はじめに
給与収入に係る所得税の計算
そして、「給与所得控除後の金額」から「所得控除の額の合計額」を差し引いた金額(課税所得金額)に、所得税率をかけます。所得税率は課税所得金額が大きいほど税率は高くなる仕組みで、5%~45%までの7段階の累進税率になっています。これで、所得税が計算されるのですが、令和19年まではこの所得税にさらに復興特別所得税として2.1%の上乗せがあります。この所得税と復興特別所得税の合計額が源泉徴収票の「源泉徴収税額」(4)に記されています。
なお、住宅ローン控除を受ける人は、所得税額から住宅ローン控除額を差し引き、その金額に復興特別所得税を上乗せした金額が源泉徴収税額(4)となります。
源泉徴収票で押さえるべきなのはこの1行
源泉徴収票の骨組みは、支払金額(1)から源泉徴収税額(4)までが記載されたこの1行です。この行の下に書かれているのはすべて、「所得控除の額の合計額」(3)の詳しい資料と、住宅ローン控除の資料です。給与所得者が税金を多く支払いすぎないために、「所得控除」や住宅ローン控除は重要な位置づけにあります。源泉徴収票の中でこれらの詳細情報が大きな場所を占めているのも、私たちが年末調整のときに勤め先に申告した内容が正しいかどうかを確認するためなのです。
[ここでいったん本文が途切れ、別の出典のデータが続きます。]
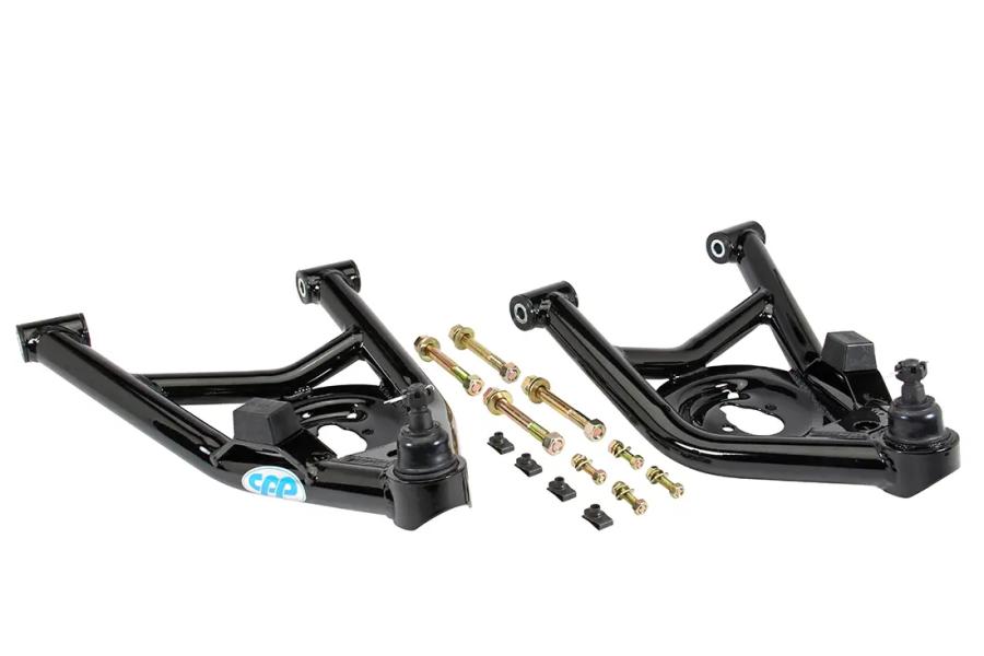 The CPP Totally Tubular Lower Control Arms (Part Number 6774TCA-LKB) fit 1967-1969 Chevy Camaro and 1968-1974 Chevy Nova. They include ball joints and D Spec bushings. Designed for durability and precision.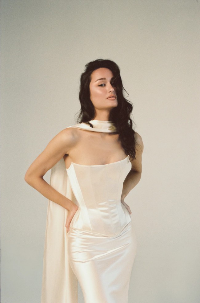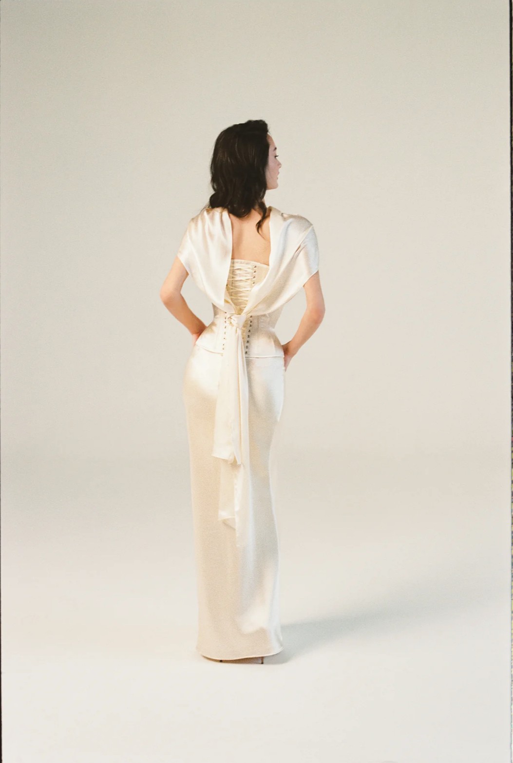 Corset, Skirt & neck scarf set in warm ivory/champagne. Fits Size 8 - 12.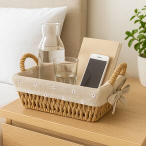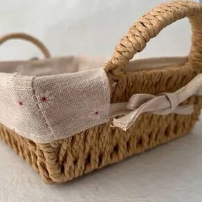 Feitas com material de alta qualidade, incluindo metal na sua estrutura, fibra natural trançada e um forro 100% algodão estampado, elas são tão elegantes quanto versáteis. A estrutura de metal oferece durabilidade e resistência, enquanto a fibra natural proporciona um visual leve e arejado. O forro da bandeja proporciona uma superfície macia e charmosa para suas apresentações e pode ser retirado para higienização.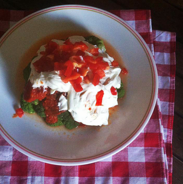 Εκεί που έφτιαχνα μια κόκκινη σάλτσα για τα μακαρόνια μας με λουκάνικο Μάνης με πορτοκάλι (υπέροχο μέσα στα κοκκινιστά!), σκέφτηκα να χρησιμοποιήσω και λίγη για να συνθέσω ένα γιαουρτλού πολύ ξεχωριστό. Ένα γιαουρτλού με μπρόκολο!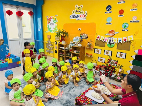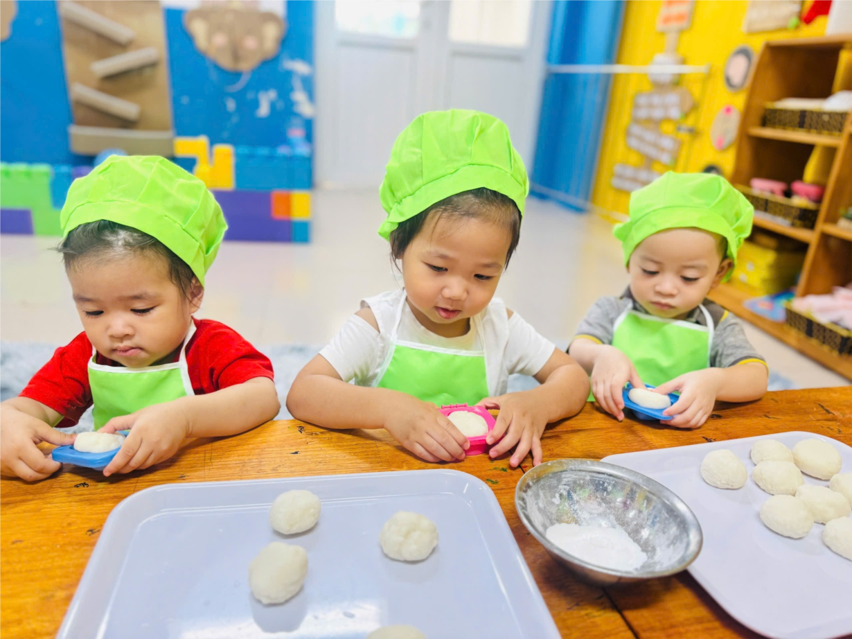 Các bé lớp Alvin 2 với hoạt động làm bánh dẻo nhân ngày tết trung thu!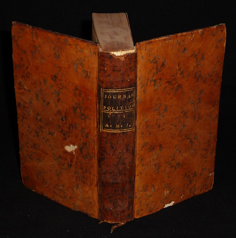 In-12 (10 x 17 cm), reliure plein veau, dos lisse, pièce de titre, 518 pages, du n°10 (10 avril 1775) au n°18 (30 juin 1775) ; épidermures sur le cuir, petit travail de vers au mors inférieur en tête, au premier plat et jusqu'à la page 10, par ailleurs intérieur bien conservé, assez bon état général.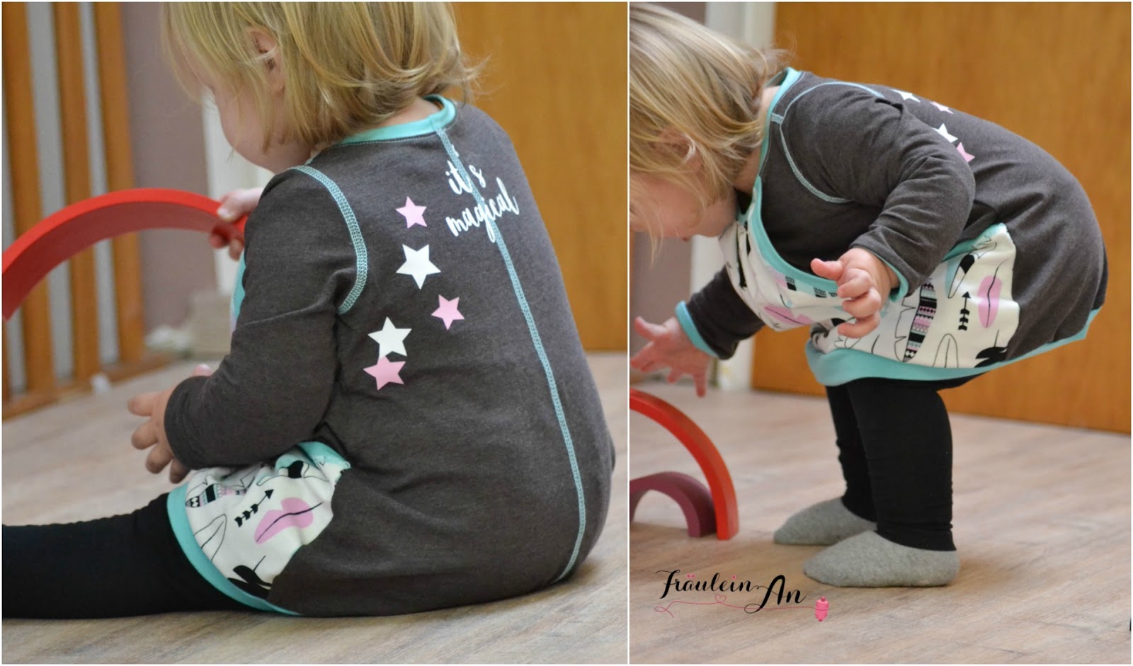 Da ich bei der Tunika gerne den Federjersey verwenden wollte, habe ich mich nur für den Spruch „it’s magical“ und ein paar Sternen entschieden. Die Farben der Flexfolie harmonieren so wunderbar mit dem Federjesey. Hach, die kleinen Details die mich beim Nähen immer sehr glücklich machen.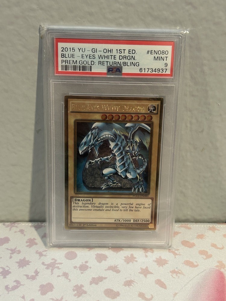 Elevate your Yu-Gi-Oh! TCG collection with the legendary Blue-Eyes White Dragon from the Premium Gold: Return of the Bling set. This card, numbered PGL2-EN080, boasts the prestigious 1st Edition status and has been meticulously graded by the Professional Sports Authenticator (PSA) with an impressive score of 9, ensuring its top-notch quality. The Gold Rare rarity and foil finish add a gleaming touch to this dragon card, making it a standout addition. Crafted with high-quality card stock, the card features the iconic Light attribute and the formidable attack power of 3000, coupled with a robust defense of 2500. This English-language card, manufactured by Konami in 2015, resonates with collectors and players alike, offering a blend of nostalgia and raw power. Its Japanese card size ensures compatibility with international collections, solidifying its place as a versatile and cherished piece.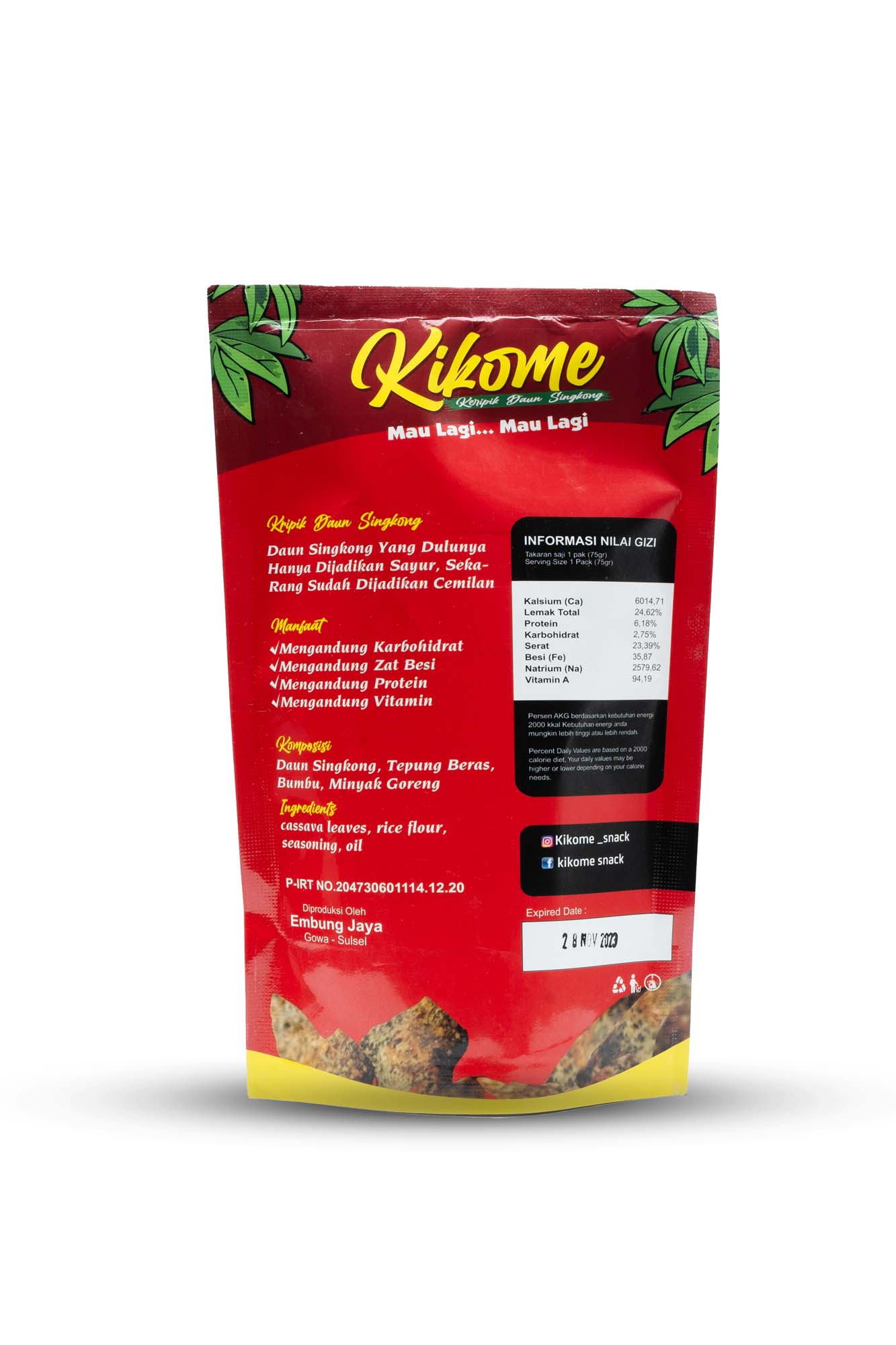 Daun Singkong yang dulunya hanya dijadikan sayur, sekarang sudah dijadikan cemilan yang sehat bernama Kikome.

とはいえ、ローンを組む時や、行政上の手続きをするときなどに、よく聞かれるのが、「年収」や「所得」でしょう。副収入のない給与所得者の場合は、支払金額(1)が「年収」、給与所得控除後の金額(2)が「所得」です。そして、源泉徴収税額(4)は所得税のことです。まず、源泉徴収票で押さえておきたいのは、この支払金額(1)から源泉徴収税額(4)までの数字の意味です。